Discussion: This patient had acquired hemophilia due to a factor VIII inhibitor with compartment syndrome of her bilateral forearms likely due to continued bleeding after IV placement and blood draws from her prior hospital stay. Unlike congenital hemophilia, median age of onset of bleeding due to acquired hemophilia is between 60 to 69. Acquired hemophilia often presents with soft tissue bleeding, hematuria, epistaxis, gastrointestinal bleeding and intracerebral hemorrhages. The most common laboratory abnormalities are a prolonged PTT with normal PT and platelet count. If there is a prolonged PTT and suspicion for an acquired factor inhibitor, the next step is a PTT mixing study. If the PTT of the mixed plasma does not correct to normal, it suggests the presence of an inhibitor in the patient’s plasma. After the mixing study, factor VIII activity and the factor VIII antibody titer should be obtained. Inhibitors to factor VIII are the most common cause of acquired hemophilia although other acquired factor inhibitors can also be responsible.(1,2)

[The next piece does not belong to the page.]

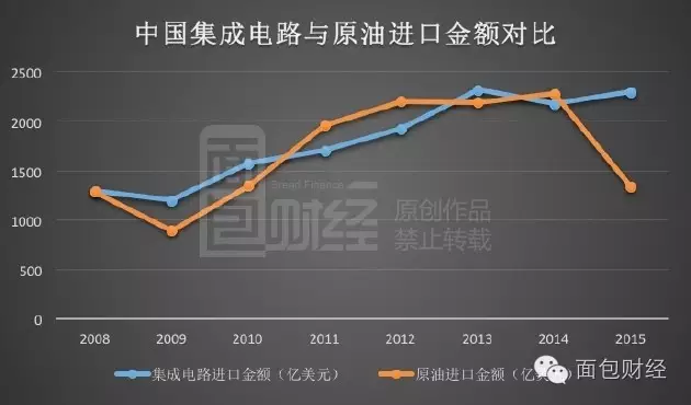 消耗量巨大,但由于自主芯片無法滿足要求,中國只能花巨資大量進口芯片,耗費的支出屢屢超過原油進口。下圖為面包財經根據海關總署數據繪制的中國集成電路與原油進口金額對比圖:

Conclusions: This case is unique due to the uncommon presenting problems of hemarthrosis and compartment syndrome. Due to the severity of the bleeding and the need for transfusions, patients are likely to be admitted and under the care of a hospitalist. This disease process is very rare with an incidence of approximately 1 to 4 per million per year. However, it is important for hospitalists to know what to do when they encounter a prolonged PTT given the high mortality rate of these patients which is between 8 to 20%.(2) Any clinical bleeding associated with an isolated prolonged PTT should raise suspicion for acquired factor inhibitor and every hospitalist should know the next steps of the workup and involve a hematologist in the patient’s care.